В Витебск [в Витебской губернии были деревни Я.И.Булгакова] послано все скоро после твоего отъезда. Эта экспедиция заставила меня заехать в Горбово; я в восхищении, что все делается. Теперь я стал подлинным крючком: сам езжу в присутственные места и бумаги подаю с Фавстом, который мой сопутник. Никакого не имею ответа от Румянцева, которому по совету твоему писал я убедительно; не беда, ежели ничего не выйдет, ибо нужно мое присутствие здесь теперь. Татищев назначен в Швецию, а покуда

Гриша [князь Григорий Иванович Гагарин], который советником посольства, едет туда поверенным в делах. Государь в Твери, но сюда не будет. Граф туда поехал, обещал возвратиться с арендою для Волкова. Дай Бог! Волков истинно бесценный человек. Ну, право, я того для себя сам не делаю, что он делает. Он неутомим, он представил фельдмаршалу столь поразительную и энергическую картину всего, что до нас относится, что фельдмаршал весьма нас защищает. Граф ему сказал: «Будьте уверены, Александр Александрович, что эта тяжба только проформа; Булгаковым отдастся все, я это знаю верно и знаю мысли государевы». Его брат, граф Михаил, очень нас любит, не хочет, чтобы я шел на примирение, но я на него согласен от чистого сердца, ежели это может быть полезным и особливо постоянным.
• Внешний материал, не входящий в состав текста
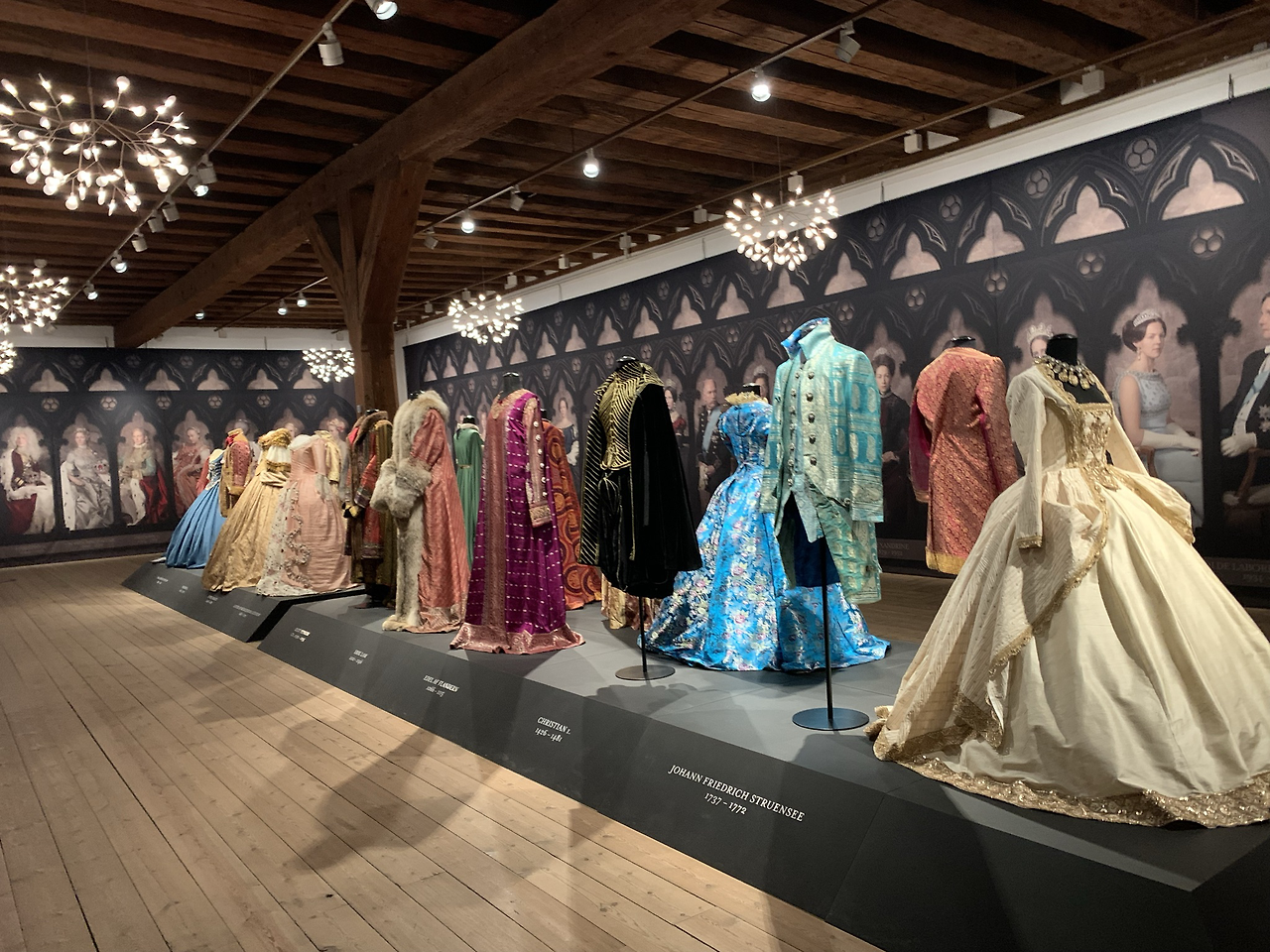 . 역대 왕과 왕비의 복식을 시대별로 전시해 놓았다. 벽에는 돌아가며 왕과 왕비의 초상화가 시대순으로 그려져 있다.

Будь покоен, любезный брат: добрые рано или поздно возьмут верх, а здесь не будет упущено ничего. Как поеду со двора в шесть часов утра и похлопочу часов шесть, то обедаю лучше, и с восхищением смотрю на твой портрет, чувствуя, что старался и о твоем благе. Какое будет для меня блаженство сказать тебе, обняв, когда возвратишься: «Ну, брат, слава Богу, мы покойно теперь будем наслаждаться отцовским добром; миновали наши хлопоты».


Константин. Силистрия, 7 июня 1810 года

Я в лагере графа Ланжерона перед Силистрией, которая была взята, как я тебе и писал в моем последнем письме, а с нею 200 пушек, 500 бочек пороху, 500 тысяч патронов и множество других вещей. Я прибыл сюда позавчера поутру, надеясь тотчас и отбыть; вместо того я встретил столько трудностей, что едва удалось мне преодолеть их к сегодняшнему дню. Граф Каменский уже перед Шумлою. Отсюда до Шумлы 90 верст; почта еще не устроена, и курьеры едут верхами. Мне пришлось купить лошадей, что было чрезвычайно трудно, ибо турки, которые должны оставить Силистрию, все раскупили на вес золота; и так с большим трудом удалось мне достать трех лошадей для моей брички. Должен был заплатить я за них 30 франков, что ничтожно в сравнении с ценами турок, которые за пару волов платят 25 франков.

Что до графа Ланжерона, то все улажено, и я еду завтра рано утром. Граф, с которым я был уже несколько знаком в чужих краях, и его жена, которая тоже здесь, осыпали меня милостями и дружескими знаками внимания. Вот я здесь застрял, и признаюсь тебе, что при всем моем нетерпении добраться до цели, я здесь много развлекаюсь. Граф и все наши войска стоят перед городом. Город очарователен, особенно при нынешней чудесной погоде. Силистрия очень приятно расположена на берегах Дуная; за городом начинаются горы, через которые мне придется перебираться, чтобы доехать до лагеря графа Каменского. Вчера мы с генералом гуляли в городе. Мы посетили греческого митрополита и знаменитого Илык-оглы, который управлял Силистрией. Он нас угощал, по турецкому обычаю, кофеем и трубками. Твоя трубка, которую не решился я оставить в Яссах, вызвала восхищение всех этих бородачей; они все курили ее по очереди.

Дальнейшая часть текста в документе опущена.